Ehlers-Danlos syndrome (EDS) is a group of heritable disorders characterised by vast clinical heterogeneity ranging from the classic constellation of symptoms including skin hyperextensibility, joint hypermobility and skin fragility to the exceedingly critical consequences of arterial rupture and visceral perforation. We describe the case of a 65-year-old male with a history of classic EDS who reported of dyspnoea on exertion, orthopnoea, fatigue and palpitations.

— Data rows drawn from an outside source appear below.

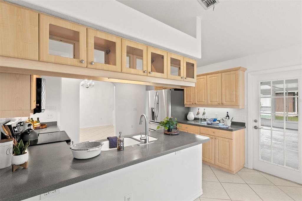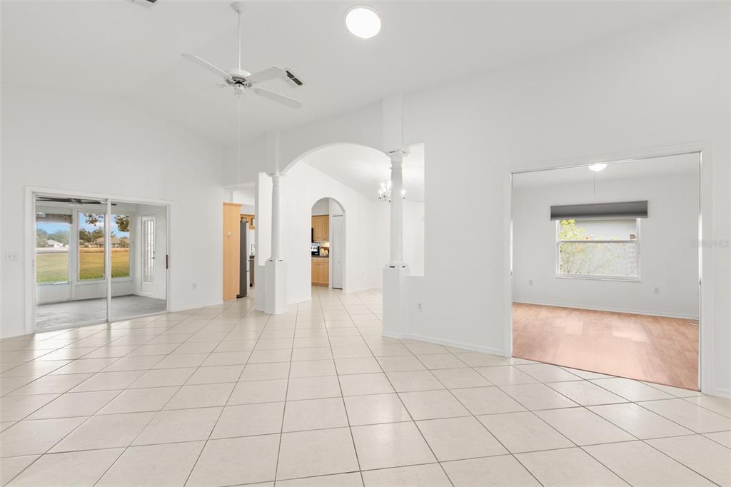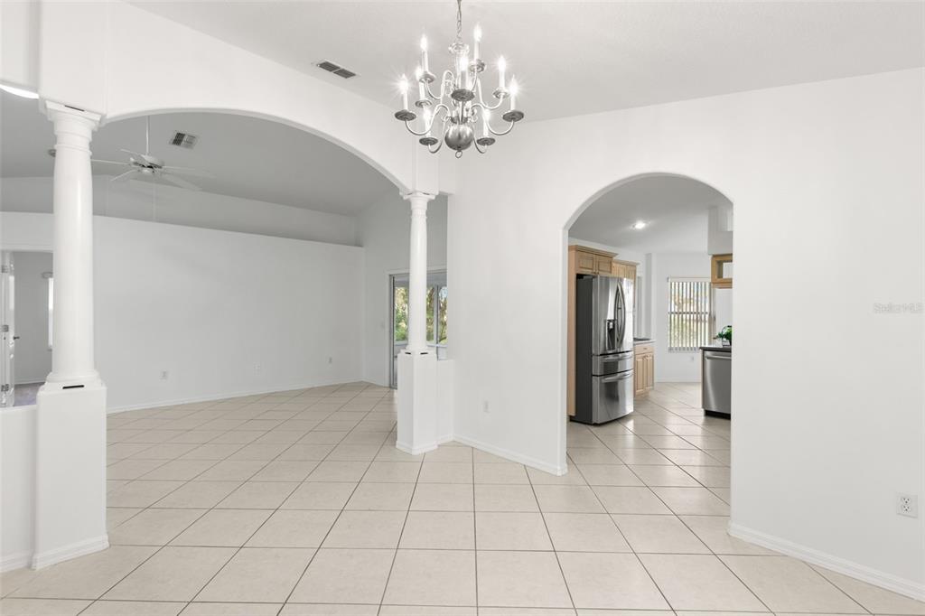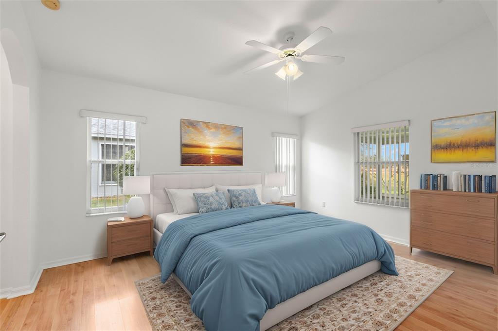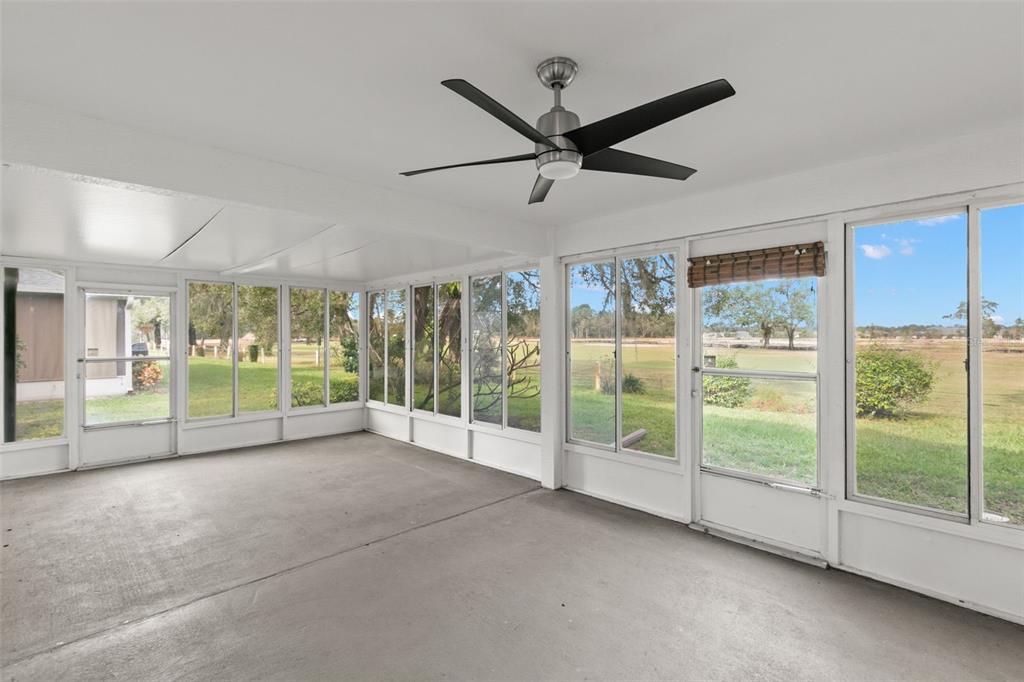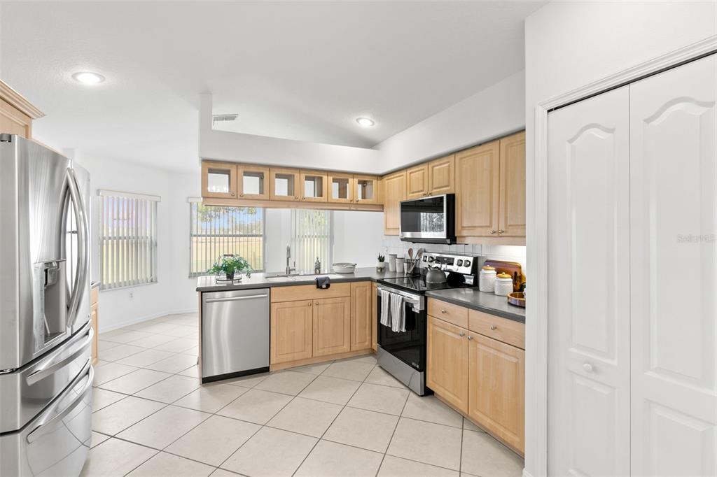 One or more photo(s) has been virtually staged. welcome to your dream home on the golf course! this stunning bungalow style property welcomes you with an inviting open porch, the perfect spot to unwind and savor sunsets. the beautifully landscaped yard, featuring vibrant jacaranda and plumeria trees, creates a serene, tropical ambiance. step inside through a screened entryway to a spacious family room with soaring vaulted ceilings. the space flows seamlessly into an enclosed lanai with breathtaking golf course views. the lanai, equipped with screened windows and an overhead fan, offers year-round comfort—ideal for morning coffee or evening cocktails overlooking the serene landscape. the formal dining area, accented by a modern chandelier, sets the stage for memorable gatherings. the chef-inspired kitchen boasts solid countertops, sleek stainless steel lg appliances, blonde wood-tone cabinetry, a large pantry, and a sunny bay window with a cozy breakfast nook. this home offers a thoughtfully designed layout: the front bedroom is bright and airy, with a spacious closet and ample natural light. the common bathroom features white raised panel cabinetry and clean, modern finishes. an additional bedroom doubles as an office or guest room, with double pocket doors connecting to the family room. the primary suite is a true retreat, with a walk-in closet, a secondary wall closet, and an en-suite bathroom featuring a walk-in shower, raised panel cabinetry, excellent lighting, and a built-in linen cabinet. additional features include: raised panel doors and clean, modern finishes throughout, a laundry room conveniently located off the two-car garage, top-quality appliances and cabinetry with crown molding trim, ensuring both style and functionality. this property perfectly blends comfort, style, and a picturesque setting—don’t miss the chance to call it home! community perks include living in a vibrant neighborhood featuring a clubhouse, pool, and an array of amenities. hop on your golf cart and explore the scenic surroundings or enjoy the community golf course at your leisure. this home is move-in ready and waiting for you. schedule your visit today and make meadow oaks your forever home! ***seller will replace the roof with an acceptable offer.**13229 GOLF RDG, HUDSON, FL 34669
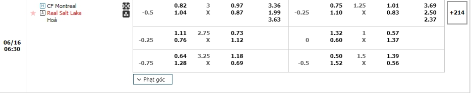 Bảng tỷ lệ kèo bóng đá trận đấu CF Montreal vs Real Salt Lake
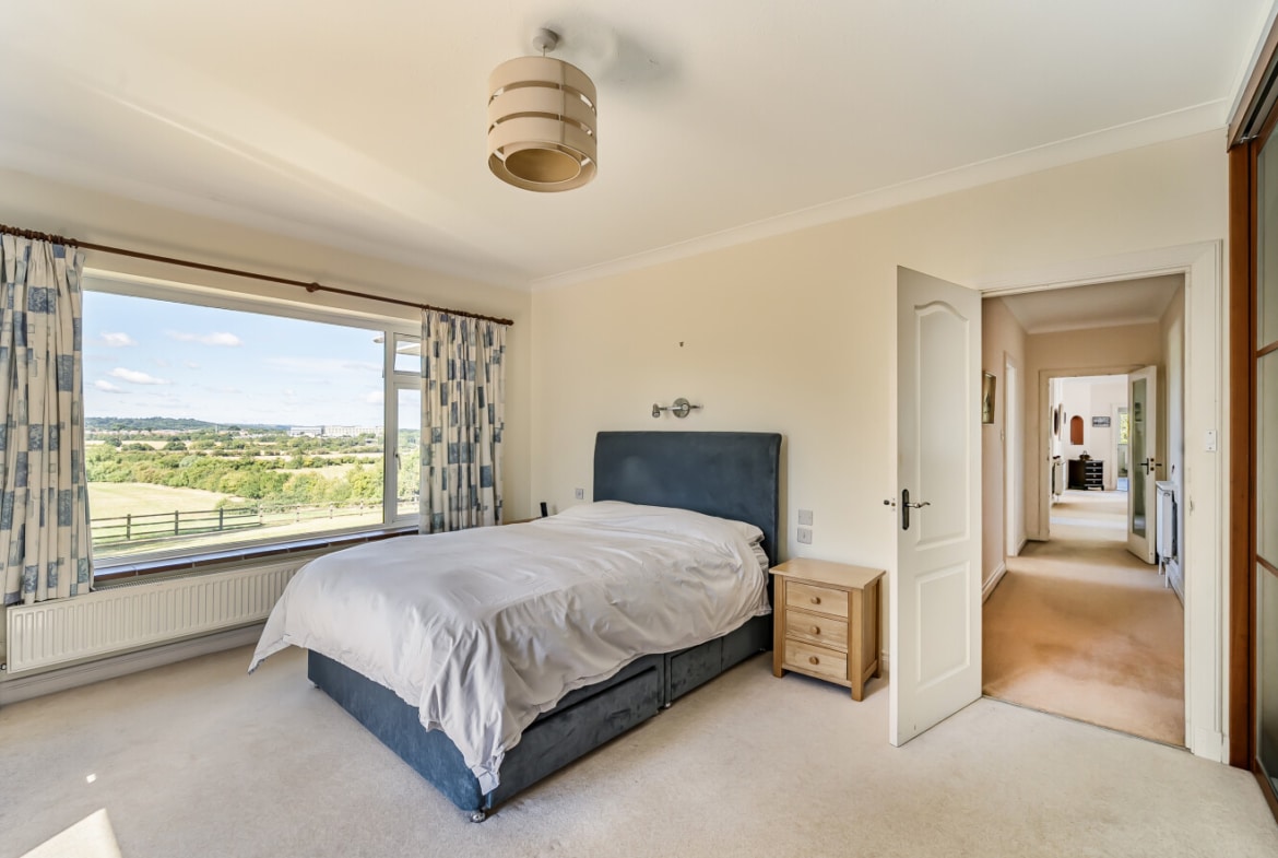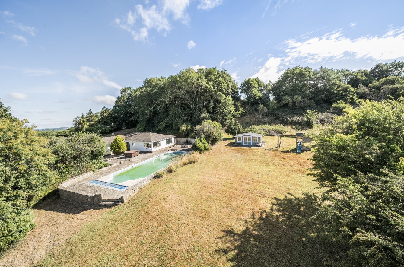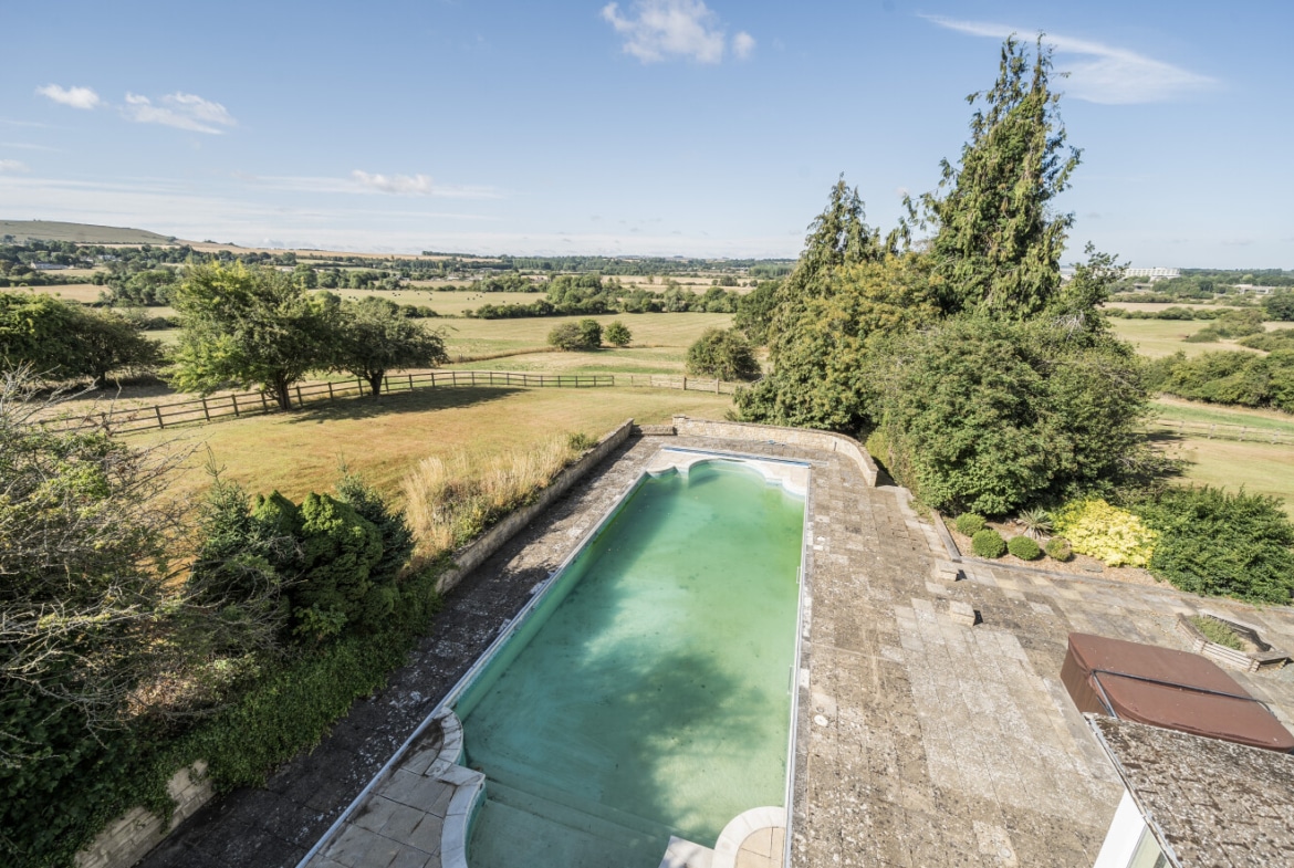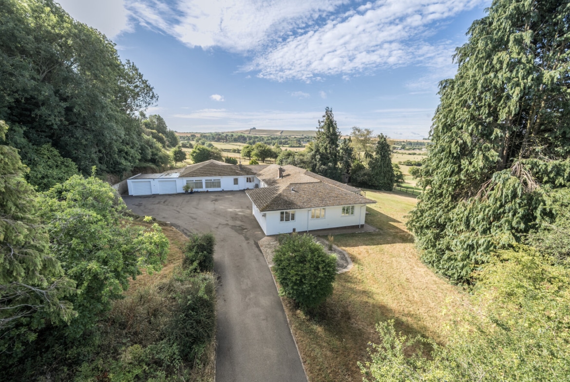 Accessed via a private driveway, the home enjoys complete seclusion and panoramic views across Liddington Hill and the surrounding Wiltshire countryside.
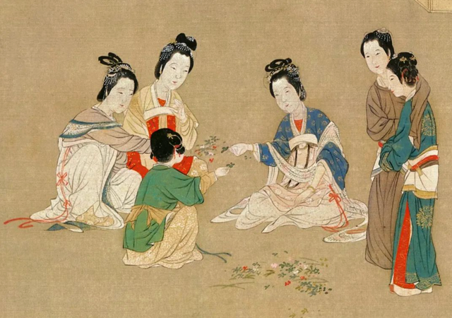 《漢宮春曉圖》,傳為明代仇英所繪。本圖中截取部分為宮女玩鬥草遊戲的情景。李白《清平調》中所述「百草巧求花下鬥,只賭珠璣滿鬥」。明人《看山閣閒筆》雲「踏青鬥草,佳人韻事。手提筠籃,各求異草,團坐於碧蒲席上,卷羅袖,出春纖從容鬥之,不覺草薰人韻,笑語生風」,即此之謂也。
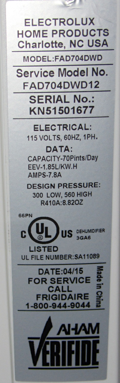 The new one says Frigidaire on the front, but the label says Electrolux:
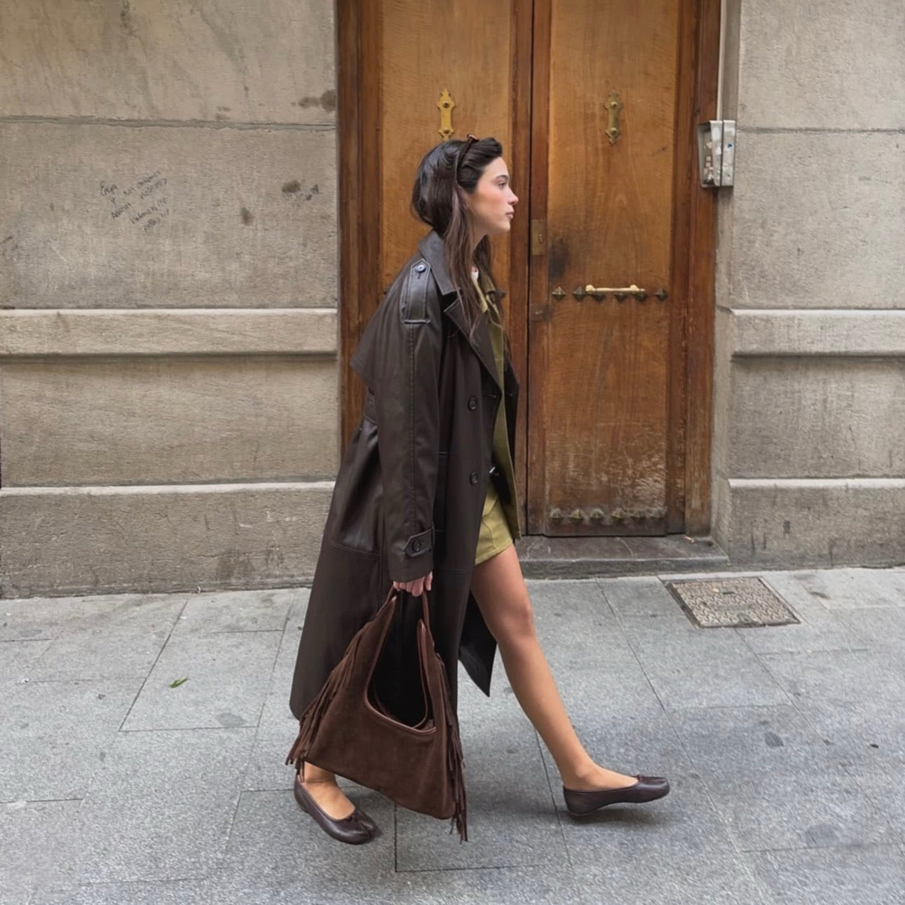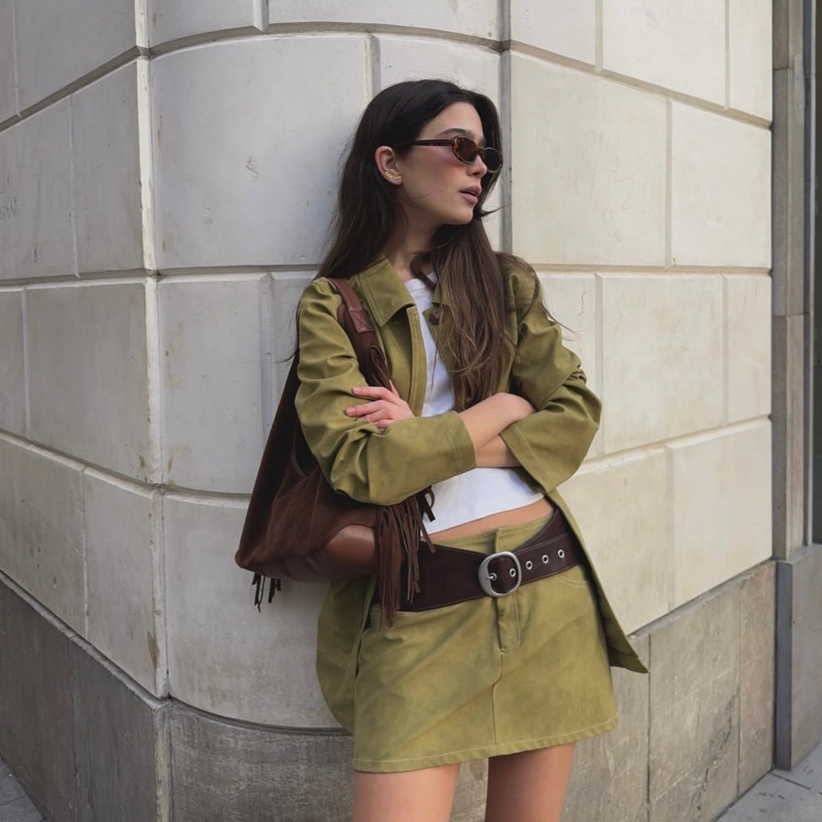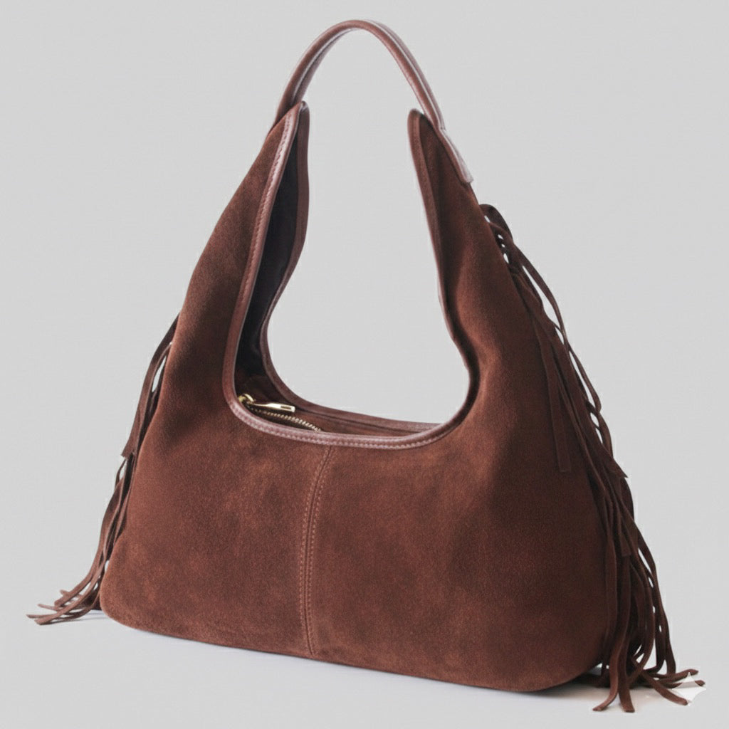 - Bolso de hombro confeccionado en piel de serraje 100% en color camel y con detalles de flecos
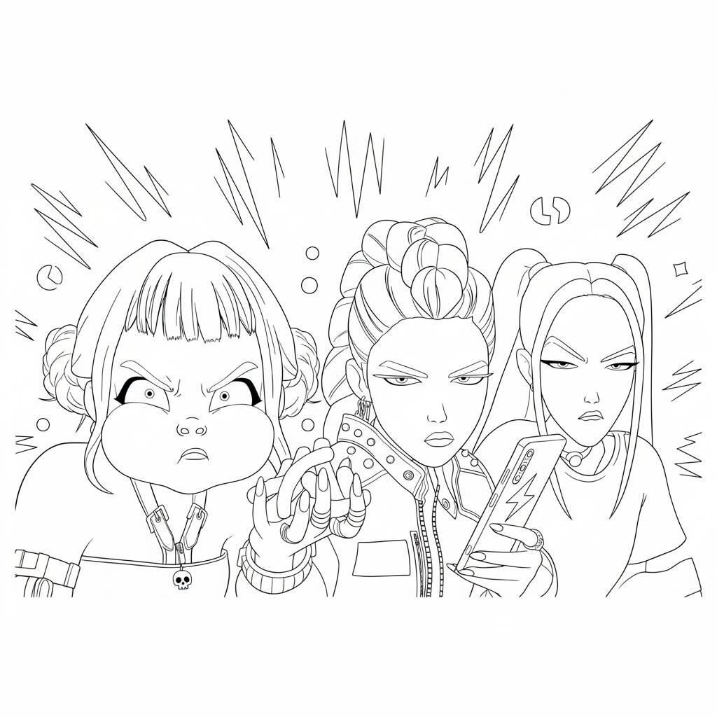 Una emocionante página para colorear de K-Pop Warriors, perfecta para los fanáticos que aman el arte y la creatividad.
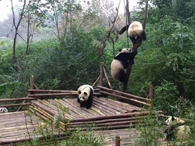 Los osos pandas se caracterizan por protagonizar conmovedores y tiernas escenas. Esta vez un grupo de estos mamíferos fueron captados por un video en el que se les ve luchando por ser el dueño de un árbol en su refugio. En las imágenes se aprecia como un panda defiende su árbol golpeando a uno de sus compañeros, haciéndolo caer del árbol. Poco después, otro de estos animales le roba su lugar al escalar hábilmente el tronco. El video registrado en YouTube cuenta con más de dos millones de reproducciones.
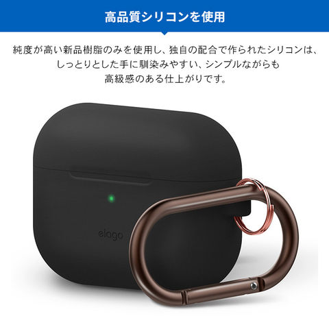 AirPods Pro ケース カラビナ 付 耐衝撃 シリコン カバー 衝撃 吸収 ソフト ケースカバー Apple AirPodsPro MWP22J/A エアーポッズプロ elago ORIGINAL HANG

He was found to have dilated cardiomyopathy with an ejection fraction of 35%, aortic root dilation and severe aortic valve regurgitation. The authors intend to draw attention to the rare cardiac manifestations of this condition and the therapeutic challenges involved in managing such patients.

机译：Ehlers-Danlos综合征（EDS）是一类遗传性疾病，其特征是临床上的巨大异质性，范围从经典的症状包括皮肤过度伸展，关节活动过度和皮肤脆弱到动脉破裂和内脏穿孔的极其严重的后果。我们描述了一个65岁男性的案例，该男性具有经典的EDS病史，据报道他在劳累，矫正，疲劳和心方面有呼吸困难。发现他患有射血分数为35％的扩张型心肌病，主动脉根部扩张和严重的主动脉瓣关闭不全。作者打算提请人们注意这种病的罕见心脏表现以及处理此类患者所涉及的治疗挑战。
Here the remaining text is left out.